Application Scenarios: Georgia Trials
In Site 1, a three-way combination of CP (Hendrix & Dail, Tifton, GA), DMDS (Paladin; Arkema Inc., Philadelphia, PA), and metam sodium (VAPAM; AMVAC Chemical Corp., Los Angeles, CA) was applied under black, 30-μm VIF (Blockade; Pliant Corp., Dalton, GA). Fumigant applications were made sequentially in rapid succession with the plastic placed onto beds immediately after the final fumigant was applied. The application used three separate implements. First, DMDS and CP were applied as a pre-bed application using three back-swept shanks spaced 30 cm apart at 20-cm depths. The fumigants were premixed in a cylinder, and a single delivery line was used to carry the mixture to the shank. Behind the application shanks, beds (90 cm wide × 15 cm high) were immediately formed and pressed using a pan attached to the same implement. Second, metam sodium was injected into the pressed beds at a 10-cm depth using 25-cm vertical coulters spaced 10 cm apart across the full bed width. Third, beds were pressed again with the second implement and immediately covered with VIF (Blockade; Pliant Corp.) using a third implement. The application in Site 2 was identical to the application in Site 1, except that black, 25-μm low-density polyethylene (LDPE) (Pliant Corp.) was used to cover the fumigated beds. The application in Site 3 was identical to the application in Site 2, except for a different soil type. All applications were made on 7 Feb. 2009. The application in Site 1 took place between 12:47 and 2:21
Measurement of Plastic Permeability
Samples of the plastic mulches were taken directly from the roll before field application and from the field after application. Field samples were collected from an untreated section to assess the impact of application methods and equipment on plastic permeability to fumigants. Samples were carefully placed in a protective shipping container and expedited to the USDA–ARS U.S. Salinity Laboratory in Riverside, CA, for testing.

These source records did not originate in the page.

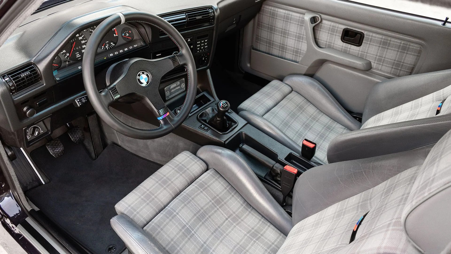 Συνολικά, η BMW E30 M3 Evolution II έχει διανύσει 177.583 km, όμως η κατάσταση τόσο του εξωτερικού, όσο και του εσωτερικού, που είναι ντυμένο με ύφασμα σε χρωματισμό Silver Uberkaro, είναι εξαιρετική.
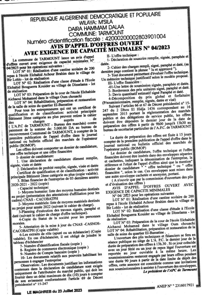 Avis d’appel d’offres ouvert N°04/2023 Commune de Tarmount
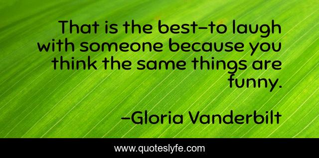 This page presents the quote "That is the best-to laugh with someone because you think the same things are funny.". Author of this quote is Gloria Vanderbilt. .
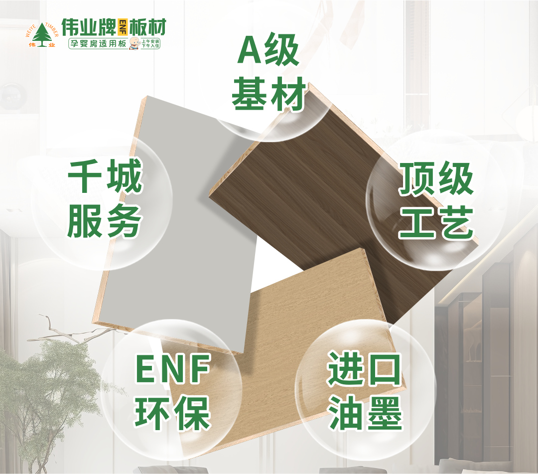 選板材,不止看環保!偉業牌板材用A級基材頂級工藝進口油墨ENF+環保千城服務,重新定義“一塊好板”的滿分標準! A級原木基材,從源頭打造“基因霸權” 好板材,...
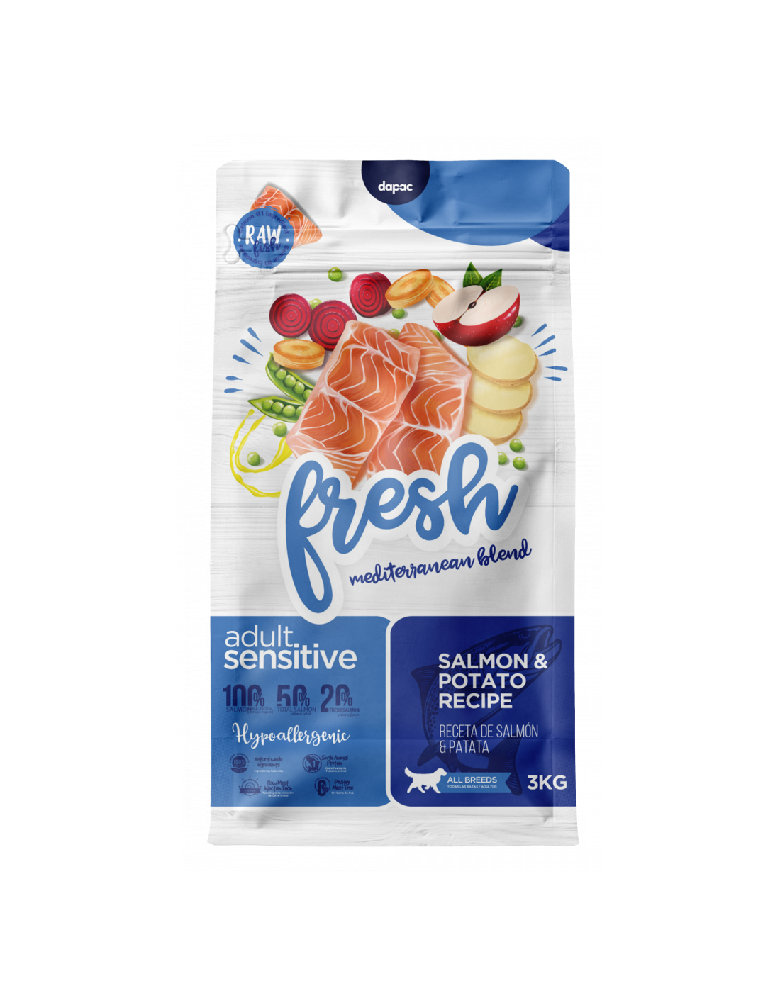 Salmon deshidratado 25%, carne fresca de salmon 20%, patata 18%, arroz, trigo, maíz, grasa de ave, hidrolizado de salmon, guisantes 3,0%, pulpa de remolacha 1,5%, levaduras 1% (fuente de MOS), zahahoria deshidratada 0,5%, manzana deshidratada 0,5%, aceite de oliva 0,3%, inulina (FOS) 0,2%.

Details of the apparatus, procedures, and analysis are given elsewhere (Papiernik et al., 2001, 2002). Permeability was determined in static sealed cells in which fumigant vapor is spiked to one side of the film and the concentrations on both sides of the film are monitored over time, preferably until equilibrium. Samples were analyzed using an HP 6890 gas chromatograph (GC) in tandem with an Agilent 5975 Mass Selective Detector equipped with a HP-5MS column (30 m 0.25 mm i.d., 0.25-μm film thickness; J&W, Folsom, CA). Helium was used as the carrier gas at a flow rate of 1.0 mL min−1. A split injection (10:1 ratio) into a 250°C injector port was used. The initial oven temperature was 50°C. The temperature was increased to 70°C at 3.5°C min−1, then increased to 120°C at 10°C min−1, and held for 1 min. Mass spectrometric analysis was performed using full-scan and selected ion monitoring modes. In the full-scan mode, the electron impact mass spectra were generated using an electron energy of 70 eV, and ions with m/z 45 to 500 were monitored. The full-scan mode was used for the analyte identification by fragmentation patterns. For improved sensitivity, selected ion monitoring was used for quantitation. Quantification was accomplished by comparing the area of the selected ion peak of the analyte of interest with the area of the selected ion peak from the fumigant standards (obtained from Sigma-Aldrich, St. Louis, MO). An analytical model was fitted to the data to obtain the mass diffusion coefficient (h). The resistance to diffusion (R) was calculated as the inverse of h following procedures outlined by Papiernik et al. (2010). This model relies on a mass balance approach and includes sorption to and diffusion across the film membrane. All tests were conducted in triplicate in rooms with the temperature controlled to within ±0.5°C. All equipment was equilibrated at the experimental temperature before each experiment was initiated.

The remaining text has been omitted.